◆ Data listing ◆
· · · · · · ·
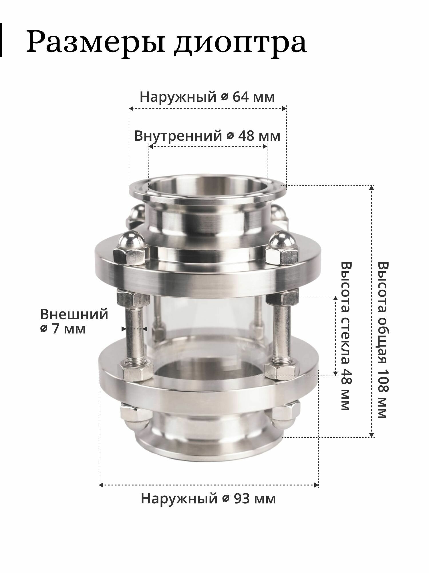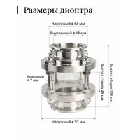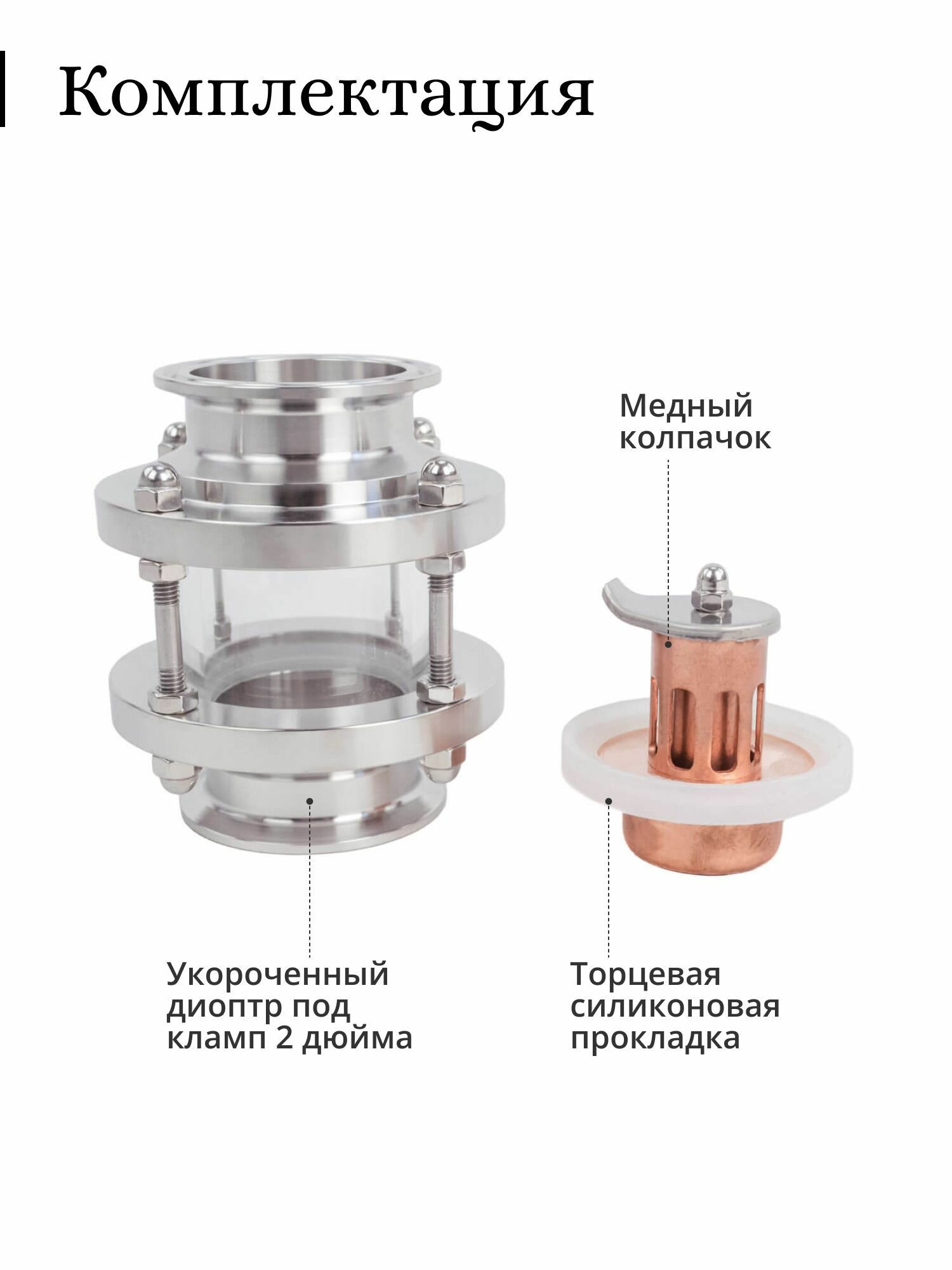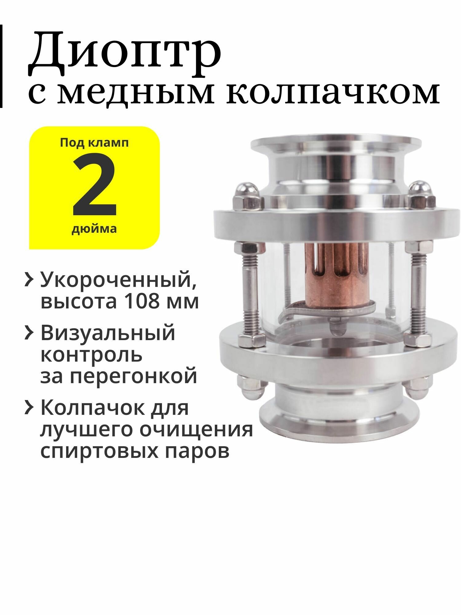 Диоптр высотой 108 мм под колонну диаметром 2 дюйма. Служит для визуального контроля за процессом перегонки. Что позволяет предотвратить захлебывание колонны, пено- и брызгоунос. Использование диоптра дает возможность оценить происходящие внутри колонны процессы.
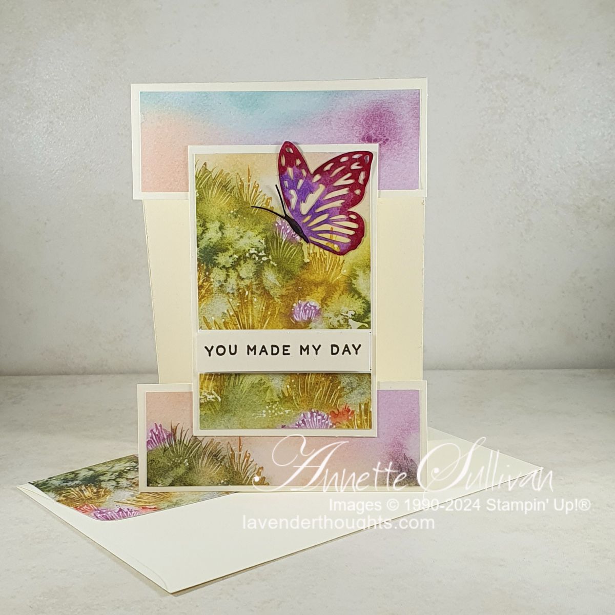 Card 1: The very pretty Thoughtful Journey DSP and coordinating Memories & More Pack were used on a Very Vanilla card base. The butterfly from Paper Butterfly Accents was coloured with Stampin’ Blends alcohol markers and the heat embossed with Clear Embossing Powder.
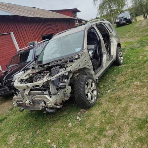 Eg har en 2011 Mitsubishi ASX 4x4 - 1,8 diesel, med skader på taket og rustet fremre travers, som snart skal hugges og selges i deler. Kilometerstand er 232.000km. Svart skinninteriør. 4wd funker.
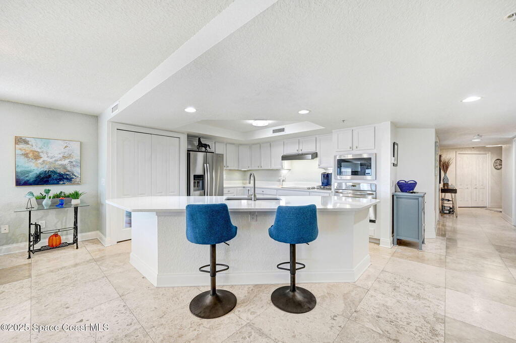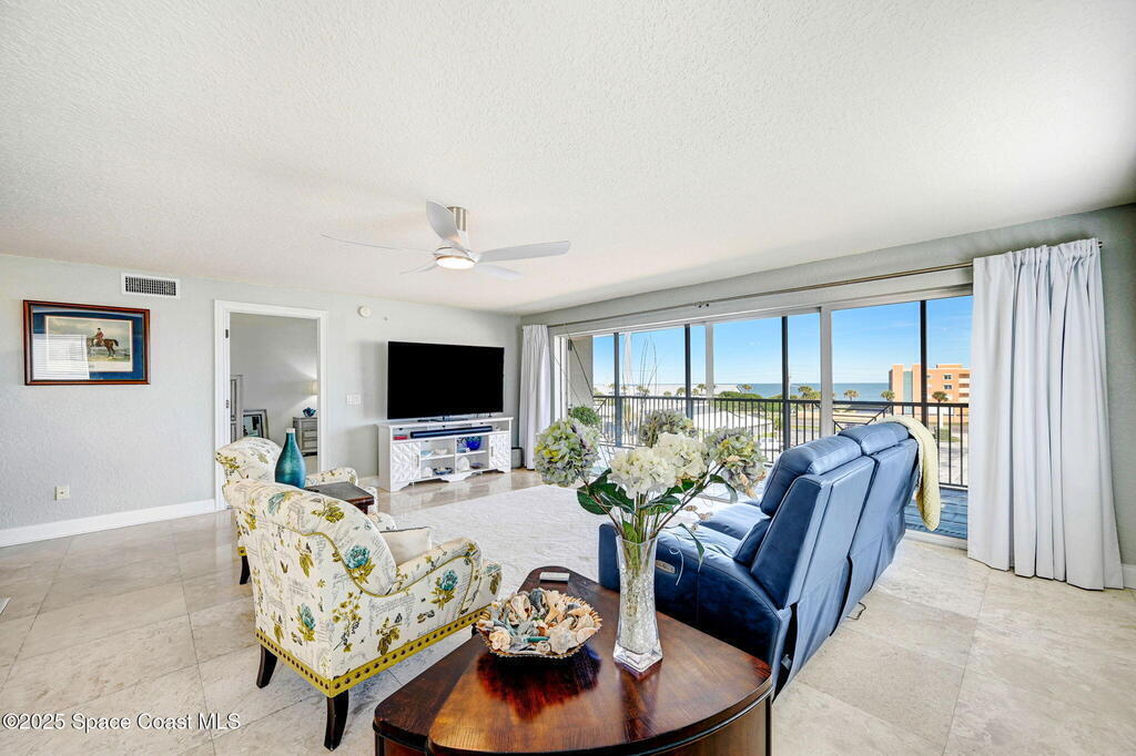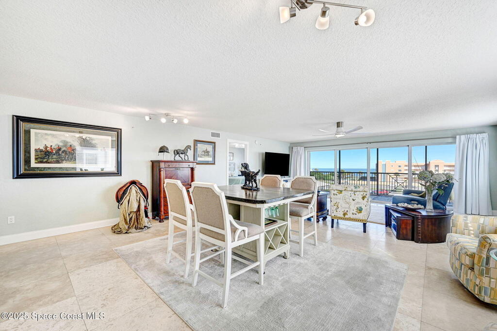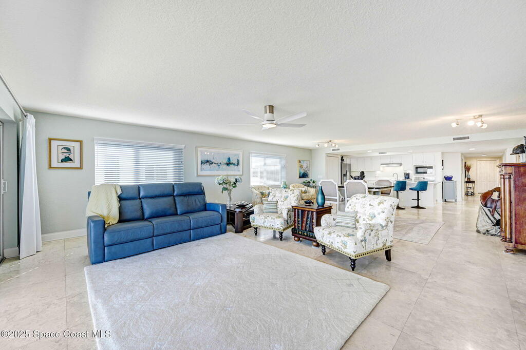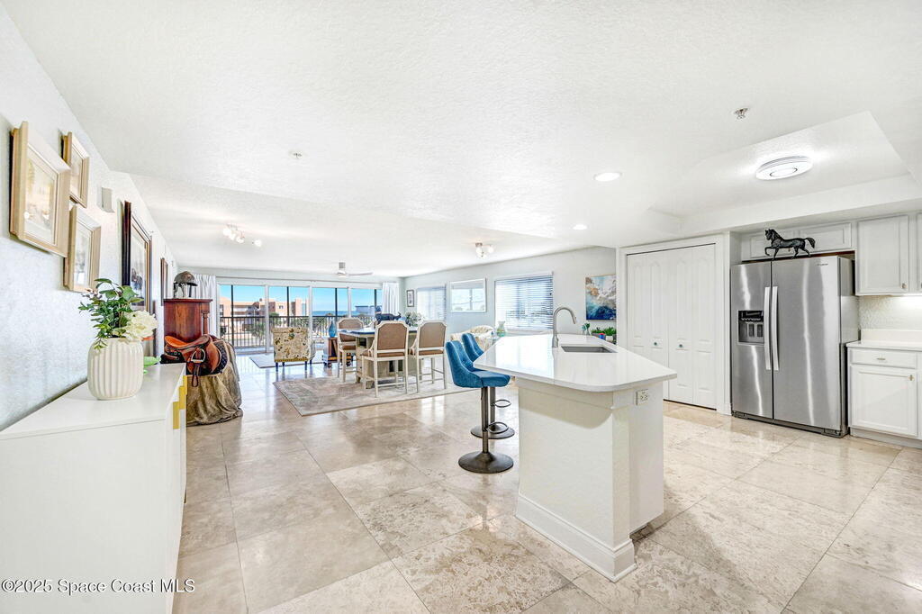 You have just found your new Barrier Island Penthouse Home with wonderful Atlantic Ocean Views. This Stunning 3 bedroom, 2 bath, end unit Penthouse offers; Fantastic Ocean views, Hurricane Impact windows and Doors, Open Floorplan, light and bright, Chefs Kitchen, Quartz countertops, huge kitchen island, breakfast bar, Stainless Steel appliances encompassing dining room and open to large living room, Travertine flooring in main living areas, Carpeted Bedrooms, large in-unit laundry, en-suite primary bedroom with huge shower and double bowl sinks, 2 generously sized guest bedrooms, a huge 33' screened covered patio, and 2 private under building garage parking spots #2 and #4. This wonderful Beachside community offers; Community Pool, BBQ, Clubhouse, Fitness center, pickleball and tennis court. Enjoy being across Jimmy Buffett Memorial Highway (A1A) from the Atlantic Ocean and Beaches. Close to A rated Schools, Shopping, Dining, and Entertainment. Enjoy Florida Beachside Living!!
· · · · · · ·
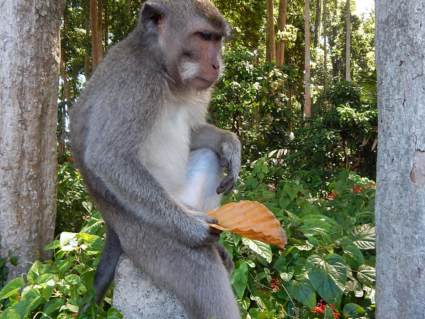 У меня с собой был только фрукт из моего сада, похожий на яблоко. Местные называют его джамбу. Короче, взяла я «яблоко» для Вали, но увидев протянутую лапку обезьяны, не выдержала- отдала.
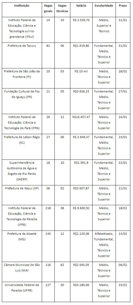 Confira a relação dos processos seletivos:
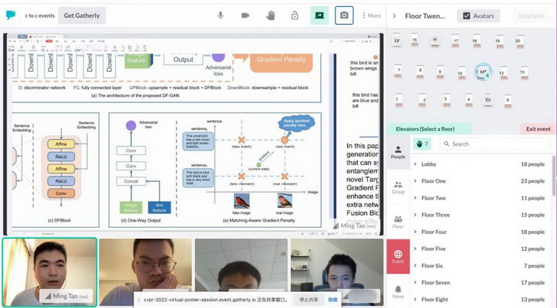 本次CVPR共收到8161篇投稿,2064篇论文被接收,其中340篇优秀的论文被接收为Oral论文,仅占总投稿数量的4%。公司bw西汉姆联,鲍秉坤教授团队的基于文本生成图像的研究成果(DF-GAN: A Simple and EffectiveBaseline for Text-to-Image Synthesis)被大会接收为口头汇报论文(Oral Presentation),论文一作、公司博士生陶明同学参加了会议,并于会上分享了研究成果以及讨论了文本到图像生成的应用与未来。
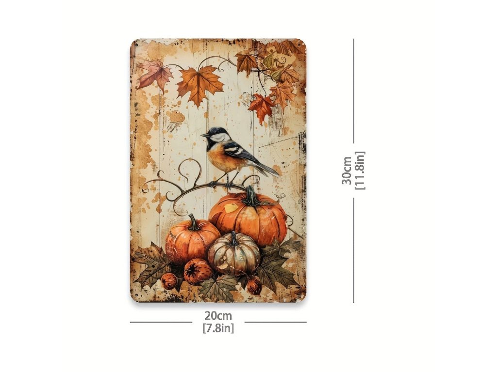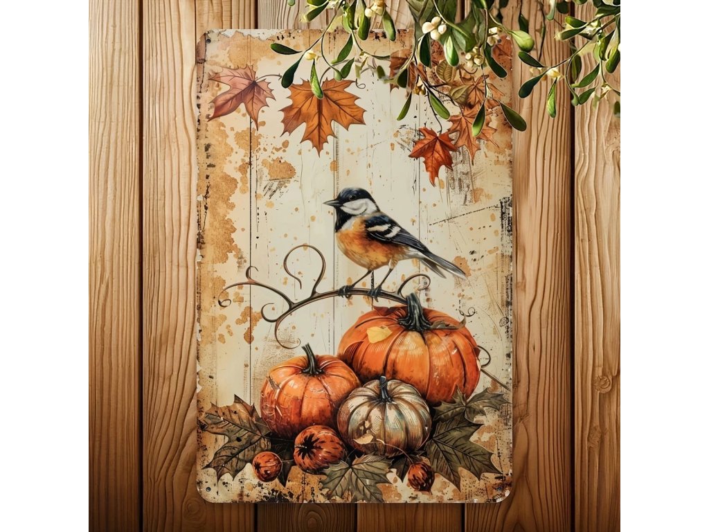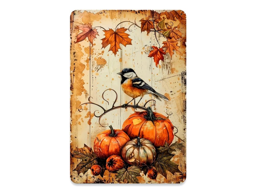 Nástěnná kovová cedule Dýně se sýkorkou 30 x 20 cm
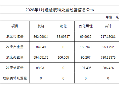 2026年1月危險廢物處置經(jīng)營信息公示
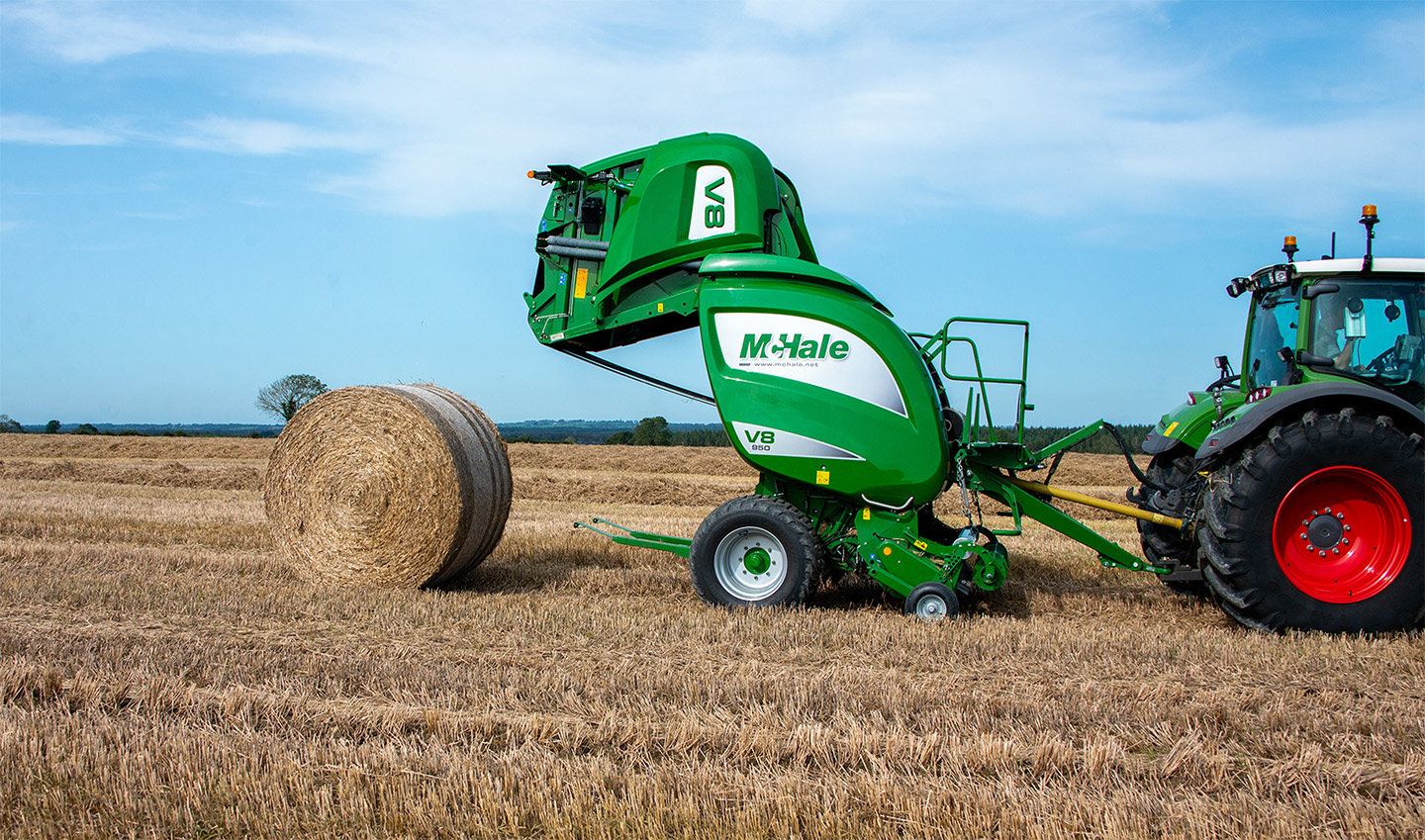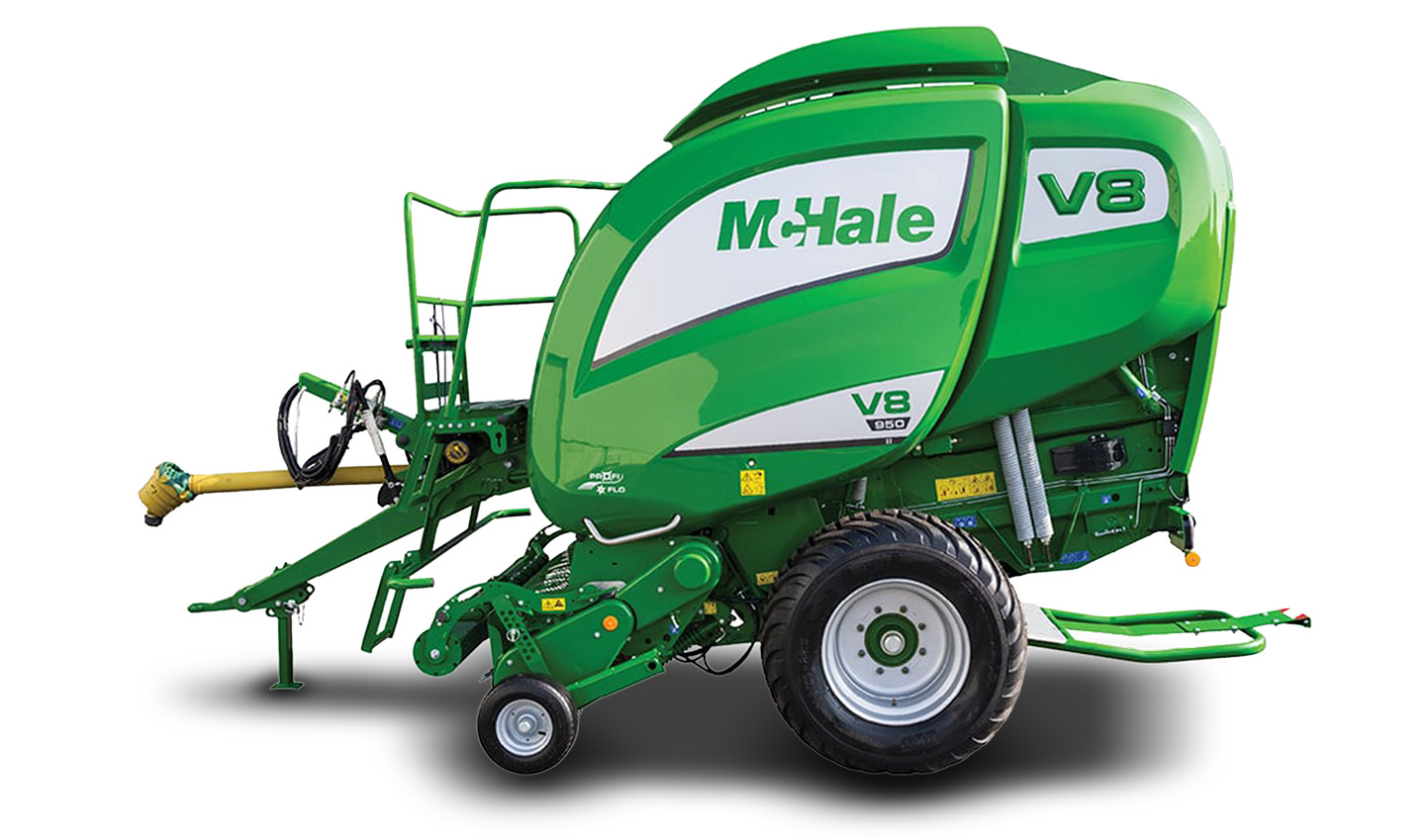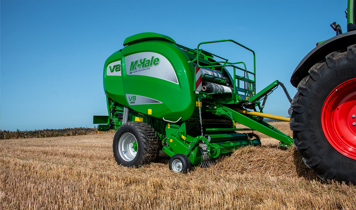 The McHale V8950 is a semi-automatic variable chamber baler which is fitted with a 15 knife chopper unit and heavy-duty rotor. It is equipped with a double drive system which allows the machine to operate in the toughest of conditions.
· · · · · · ·
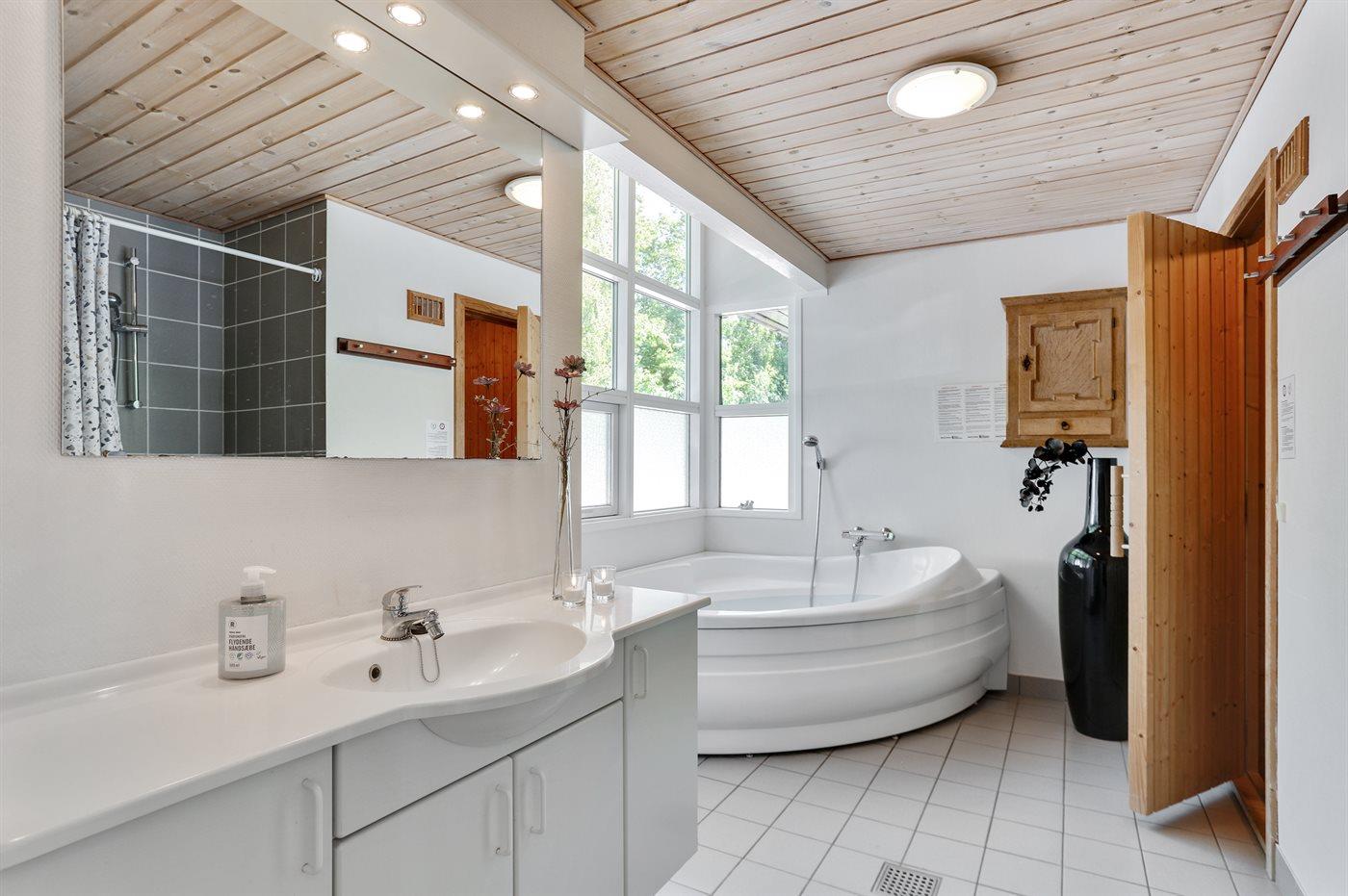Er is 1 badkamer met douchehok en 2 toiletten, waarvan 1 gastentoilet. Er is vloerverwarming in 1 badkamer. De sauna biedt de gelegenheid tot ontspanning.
· · · · · · ·
◆ What you will do ◆
Above are the records; return the lines in them from the one with "Nástěnná kovová cedule" to the one with "The McHale V8950", inclusive, exactly and without images.

◆ Reply ◆
 Nástěnná kovová cedule Dýně se sýkorkou 30 x 20 cm
 2026年1月危險廢物處置經(jīng)營信息公示
 The McHale V8950 is a semi-automatic variable chamber baler which is fitted with a 15 knife chopper unit and heavy-duty rotor. It is equipped with a double drive system which allows the machine to operate in the toughest of conditions.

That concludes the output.